The difference in the behaviour is due to the fact that doing list(some_array) returns a list of numpy.int64, while, doing the conversion via the string representation (or equivalently using the tolist() method) returns a list of python's ints:

In [21]: import numpy as np

In [22]: ar = np.array([1,2,3])

In [23]: list(ar)
Out[23]: [1, 2, 3]

In [24]: type(list(ar)[0])
Out[24]: numpy.int64

In [25]: type(ar.tolist()[0])
Out[25]: builtins.int

I believe the culprit is the 100 ** (size - 1) part of your code:

In [26]: 100 ** (np.int64(50) - 1)
Out[26]: 0

In [27]: 100 ** (50 - 1)
Out[27]: 100000000000000000000000000000000000000000000000000000000000000000000000000000000000000000000000000

In [28]: type(100 ** (np.int64(50) - 1))
Out[28]: numpy.int64

What you see is the int64 overflowing, hence the result of the exponentiation are essentially "random", while python's ints have unlimited range and give the correct result.

To summary:

  • If you want to convert between numpy and python data types use the proper methods, in this case array.tolist()
  • Remember that numpys data types have limited range, hence you should check for overflows and expect strange results in other situations.
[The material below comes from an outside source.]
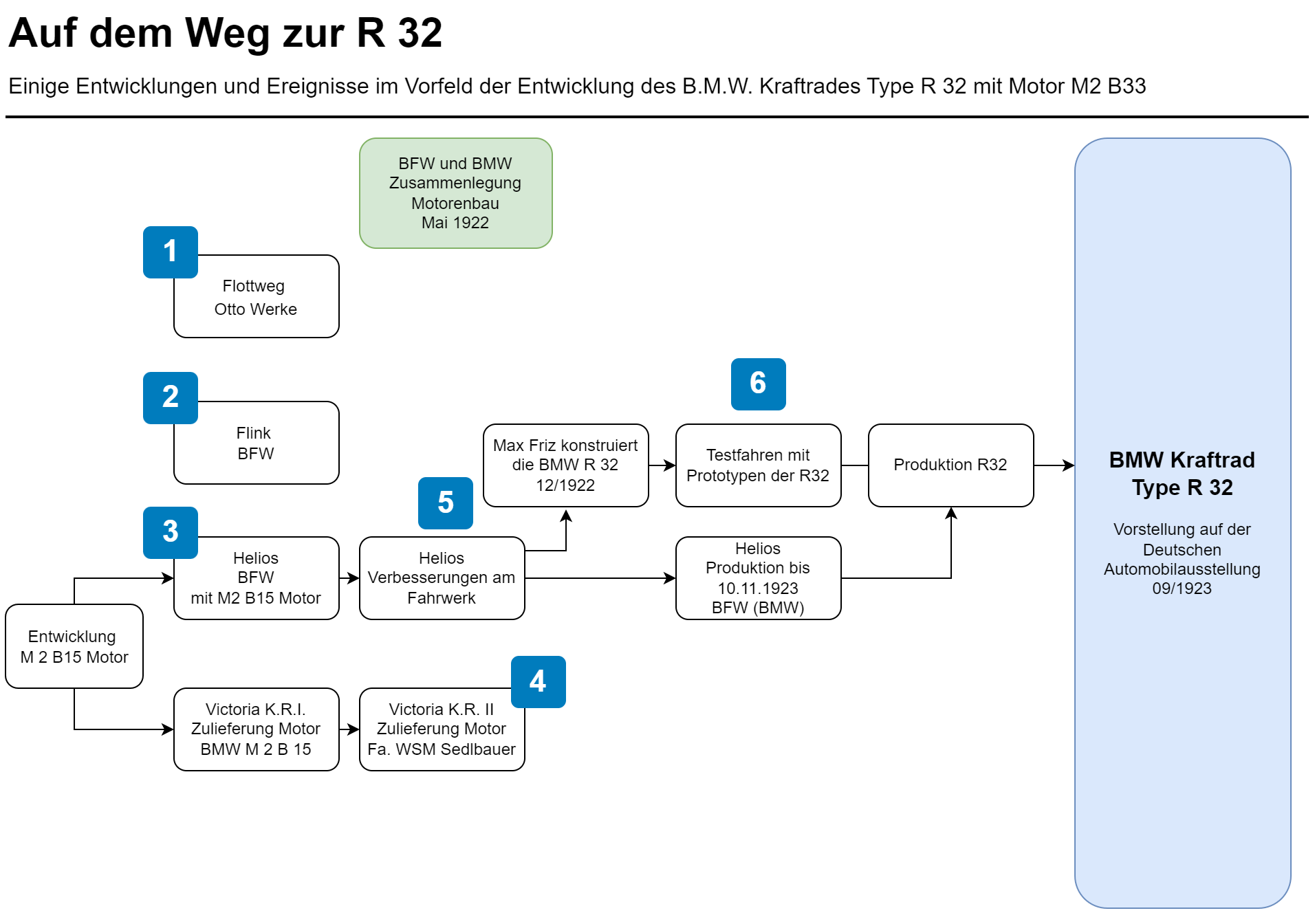 Die folgende Grafik zeigt Ereignisse und Entwicklungen die im Vorfeld der Präsentation auf der Deutschen Automobilausstellung 09/1923 stattgefunden haben. Eine Info zu den Ziffern folgt unterhalb der Grafik.

If you do not use the proper methods for conversion you might end up using numpy data types when you didn't expect (as in this case).
  • Never assume it's a bug in python/numpy/a very widely used library. The chances to find a bug in such trivial cases in such well-tested and widely used softwares is really small. If the program gives unexpected results, 99.999% of the times it's because you are doing something wrong. So, before blaming on others try to check step by step what your program is doing.